Supplied entries:
[Start of Attachment]

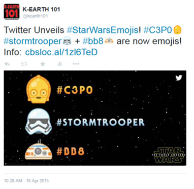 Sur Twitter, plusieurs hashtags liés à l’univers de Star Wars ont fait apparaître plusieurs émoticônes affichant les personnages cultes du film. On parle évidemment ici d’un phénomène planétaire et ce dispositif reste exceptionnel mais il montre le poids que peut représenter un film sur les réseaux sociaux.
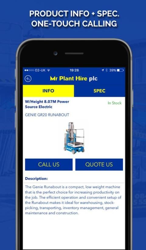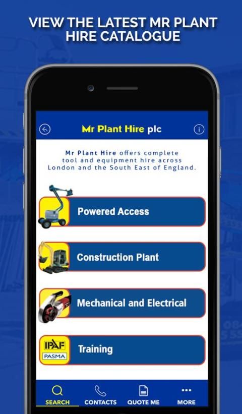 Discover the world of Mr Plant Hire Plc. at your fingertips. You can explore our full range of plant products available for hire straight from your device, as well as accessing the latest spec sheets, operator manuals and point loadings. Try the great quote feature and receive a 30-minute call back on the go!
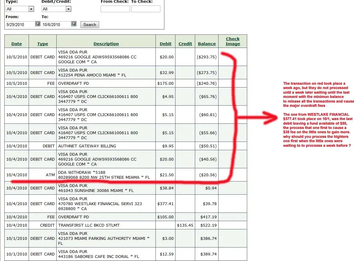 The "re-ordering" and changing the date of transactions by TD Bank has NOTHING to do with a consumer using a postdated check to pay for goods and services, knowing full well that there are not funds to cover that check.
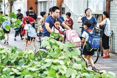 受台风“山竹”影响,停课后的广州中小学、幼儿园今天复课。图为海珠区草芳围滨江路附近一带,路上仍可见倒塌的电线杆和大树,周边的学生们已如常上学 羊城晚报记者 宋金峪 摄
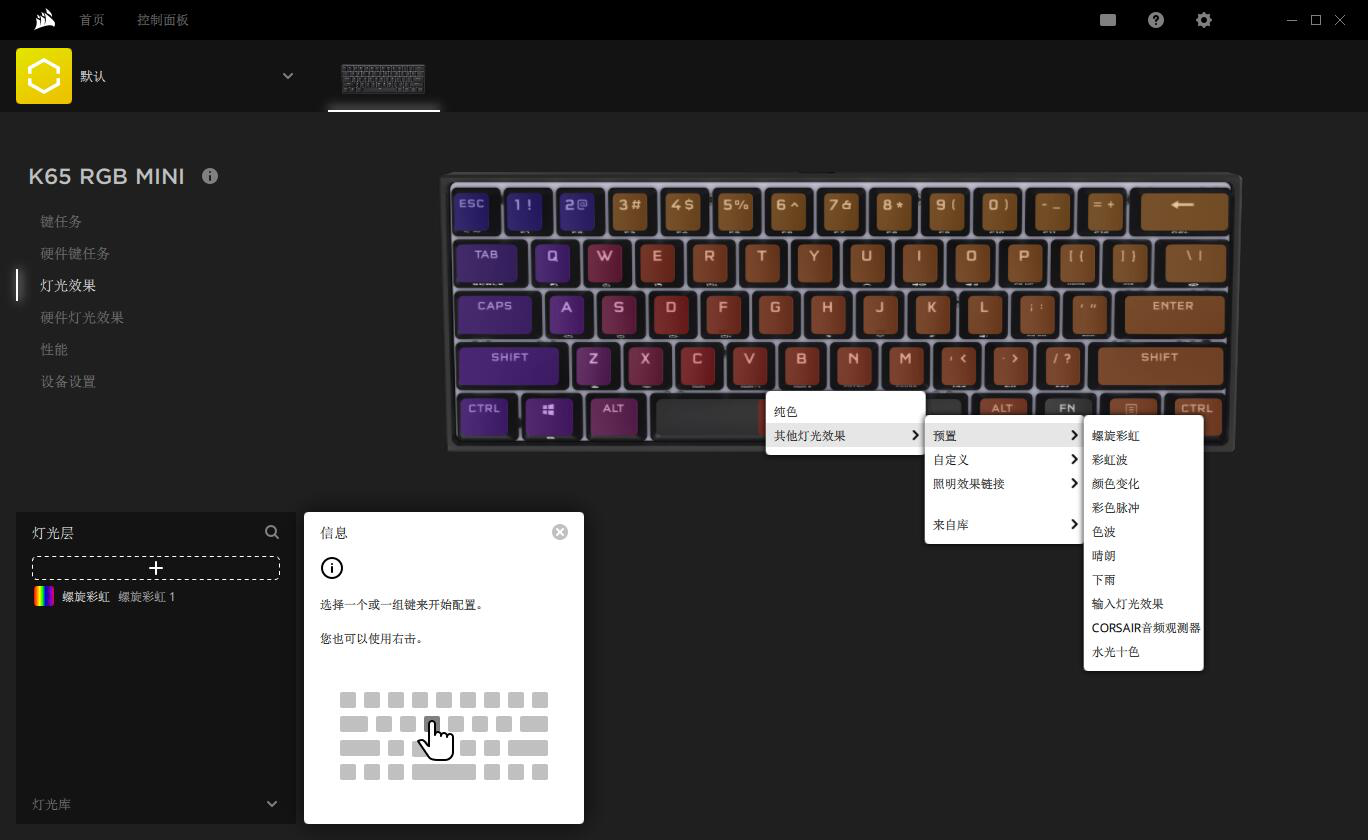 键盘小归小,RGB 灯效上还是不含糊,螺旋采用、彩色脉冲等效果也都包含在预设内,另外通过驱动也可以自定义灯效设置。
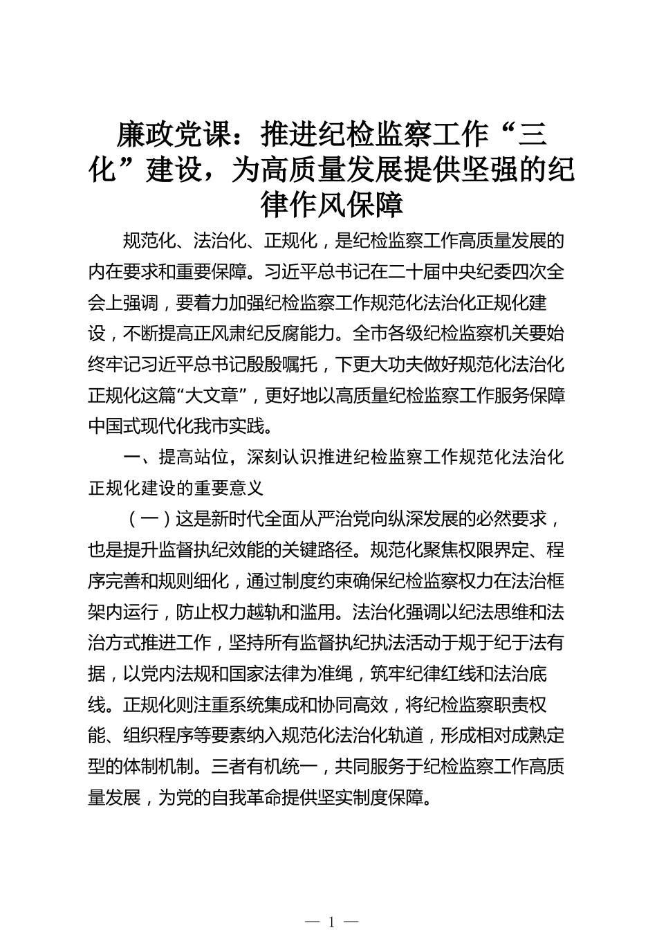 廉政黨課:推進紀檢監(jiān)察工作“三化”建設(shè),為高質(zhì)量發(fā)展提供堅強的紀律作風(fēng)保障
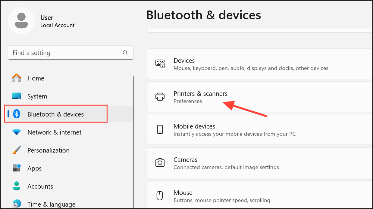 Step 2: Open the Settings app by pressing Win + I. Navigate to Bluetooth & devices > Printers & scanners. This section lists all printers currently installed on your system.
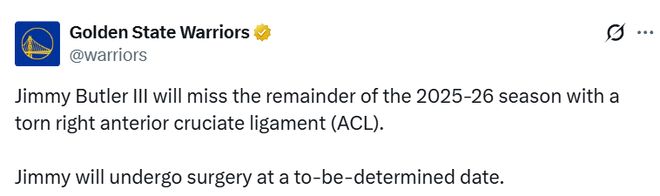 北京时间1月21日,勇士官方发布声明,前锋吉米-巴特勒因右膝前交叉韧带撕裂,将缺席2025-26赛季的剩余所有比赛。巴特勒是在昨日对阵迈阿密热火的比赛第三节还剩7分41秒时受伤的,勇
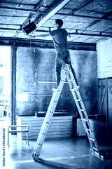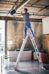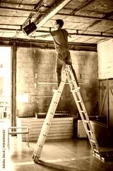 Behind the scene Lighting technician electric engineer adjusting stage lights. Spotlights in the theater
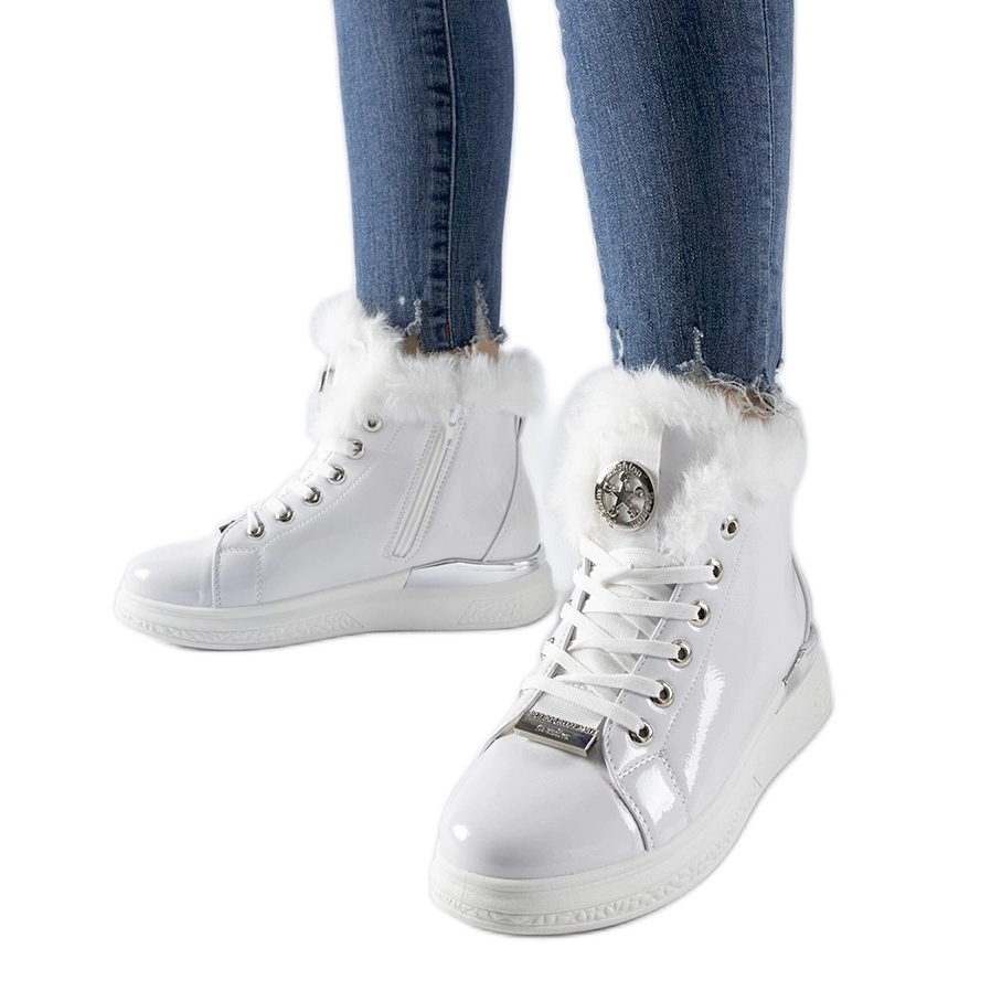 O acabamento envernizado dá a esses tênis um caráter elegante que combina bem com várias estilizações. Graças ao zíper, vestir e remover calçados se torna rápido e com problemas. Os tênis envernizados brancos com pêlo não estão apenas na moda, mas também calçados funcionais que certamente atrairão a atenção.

[End of Attachment]
[Start of Attachment]

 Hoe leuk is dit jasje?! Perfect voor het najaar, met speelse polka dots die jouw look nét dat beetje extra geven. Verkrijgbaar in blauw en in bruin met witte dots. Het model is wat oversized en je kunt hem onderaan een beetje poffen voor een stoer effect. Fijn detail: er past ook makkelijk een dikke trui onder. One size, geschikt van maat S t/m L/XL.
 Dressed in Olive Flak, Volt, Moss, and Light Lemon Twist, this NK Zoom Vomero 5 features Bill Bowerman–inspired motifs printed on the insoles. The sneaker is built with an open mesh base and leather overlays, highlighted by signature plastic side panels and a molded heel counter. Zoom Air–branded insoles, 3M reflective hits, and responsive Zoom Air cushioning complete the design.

[End of Attachment]

Where a picture appears in the records above, omit it, and transcribe exactly the stretch of lines from the one with "Sur Twitter, plusieurs" through the one with "键盘小归小,RGB 灯效上还".

 Sur Twitter, plusieurs hashtags liés à l’univers de Star Wars ont fait apparaître plusieurs émoticônes affichant les personnages cultes du film. On parle évidemment ici d’un phénomène planétaire et ce dispositif reste exceptionnel mais il montre le poids que peut représenter un film sur les réseaux sociaux.
 Discover the world of Mr Plant Hire Plc. at your fingertips. You can explore our full range of plant products available for hire straight from your device, as well as accessing the latest spec sheets, operator manuals and point loadings. Try the great quote feature and receive a 30-minute call back on the go!
 The "re-ordering" and changing the date of transactions by TD Bank has NOTHING to do with a consumer using a postdated check to pay for goods and services, knowing full well that there are not funds to cover that check.
 受台风“山竹”影响,停课后的广州中小学、幼儿园今天复课。图为海珠区草芳围滨江路附近一带,路上仍可见倒塌的电线杆和大树,周边的学生们已如常上学 羊城晚报记者 宋金峪 摄
 键盘小归小,RGB 灯效上还是不含糊,螺旋采用、彩色脉冲等效果也都包含在预设内,另外通过驱动也可以自定义灯效设置。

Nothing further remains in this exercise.